Figure FDA0001987704320000014

setting a discrimination threshold value, and comparing the spectrum entropy value of each frame in the voice with the threshold value to obtain endpoint information;

(2) pitch extraction of speech signal using cepstrum

pitch is one of the most basic indicators in speech signals, based on the principle that speech x (i) is filtered from the glottal pulse excitation u (i) via the vocal tract response v (i), with:

x(i)=u(i)+v(i)(4)

performing cepstrum transformation on x (i), u (i) and v (i) respectively to obtain:

in the cepstrum

Figure FDA0001987704320000016

(3) voiced segment identification using average energy

The stored voice signal is a function of the amplitude changing along with the time, the energy is calculated for all sample points and then summed, the sum is divided by the number of data samples, the average energy is obtained, the average energy is compared with the average energy of the voiced segment and the unvoiced segment marked by the test, the voiced segment is marked when the average energy is larger than the threshold value, otherwise, the unvoiced segment is marked, and PT is equal to the ratio of the unvoiced segment time to the total dialogue time of the segment;

(4) monitoring manic episode results

The pitch in the extracted speech signal is compared with the pitch in the normal state, and a time-varying graph is drawn as one index of a manic episode when the two are clearly separated and as the other index of the manic episode when the pause time PT is smaller than the normal state PT set value.

Technical Field

The invention relates to a voice feature extraction method for monitoring manic episodes, and belongs to the technical field of voice processing.

Background

Bipolar disorder is a complex mood disorder characterized by episodes of mania and depression. According to the world mental health survey of the world health organization, more than 1% of the world population suffers from bipolar disorder, which has a second place impact on the life of patients. Mortality and suicide rates are much higher in bipolar affective patients than in the general population: wherein the suicide rate is even 20 times higher. Compared with the other extreme of bipolar affective disorder, namely depressive episodes, manic patients often do nothing and are easier to do dangerous events in the episodes: such as casual investment, reckless driving, etc. These impulsive behaviors may cause bad family and social relationships, and may cause various accidents and even directly threaten the lives of other people. The extreme devastating nature of manic patients at onset makes it a major public health and safety concern. However, because its pathogenesis is unclear and biomarkers are lacking, the diagnosis accuracy, therapeutic effect and prognosis of mania (bipolar disorder) are not satisfactory. Therefore, based on the characteristics of high incidence, difficult diagnosis, difficult cure and easy recurrence and the current research situation, objective indexes for detecting manic episodes are urgently needed. However, there are relatively few studies currently seeking to find or predict episodes of manic symptoms. The main approach is through questionnaire analysis, or interview with patients and their immediate relatives. Both methods are methods which have to rely on the prior knowledge of interviewers or interviewers for subjective judgment, cannot depart from the knowledge obtained by the system theory and practice of professionals, and cannot realize real-time analysis, which means that the methods are not feasible in specific applications even though the methods have certain significance in clinic and research. Besides the two methods, one method is worth trying the speech analysis of manic patients.

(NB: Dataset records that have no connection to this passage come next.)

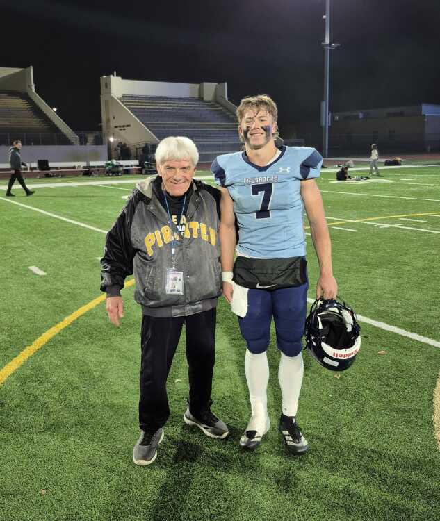 *Grayson Sack, Connor Haney, Jackson Gangwish, Garrett Watson-GICC -Sack completed 8 of 16 throws for 131 yards with a touchdown and rushed 15 times for 112 yards with an additional pair of TD runs covering 32 and 4 yards in the Crusaders 31-14 Class C-2 quarterfinal win over Archbishop Bergan. Big, rugged Connor Haney caught 4 passes for 95 yards with a 36 yard TD catch. Leading tackler, sophomore Jackson Gangwish led the GICC defense with 9 stops while freshman place kicker Garrett Watson was 4 of 4 on PAT attempts and 1 for 1 in field goal tries, nailing a 32 yarder in the game. If the name “Gangwish” rings a bell, Jackson’s dad, Matt Gangwish was one of the greatest football players in Shelton gridiron history, rushing for 1,013 yards in 1991 and 1,441 in ‘92. Mattie was also one of the most feared defensive players in the state, issuing Excedrin headaches with every crunching hit. Ask former Husker and Fullerton great Brian Schuster about one of those hits in 1992.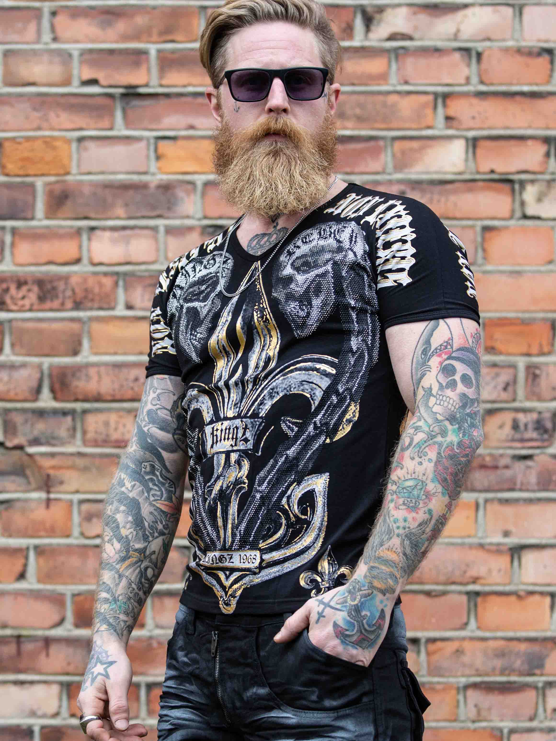 V-hals T-skjorte med trykk og steiner. Laget i komfortabelt bomullsmateriale med smal passform. Denne kule T-skjorten er for deg som vil skille deg ut fra mengden!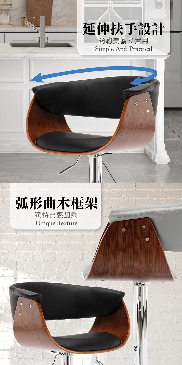 延伸的扶手設計簡約美觀又實用,搭配獨特弧形曲木框架質感加乘,高密度泡棉椅背及椅座坐感舒適,

Speech signal is one of the main objective biomarkers associated with mood swings, which are the main features of bipolar affective disorder. According to the International Classification of diseases, the most fundamental of all symptoms of bipolar affective disorder is a change or effect in mood, usually depression (with or without anxiety) or excitement. Thus, Speech Signal Processing (SSP) is an effective and objective method for diagnosing manic symptoms.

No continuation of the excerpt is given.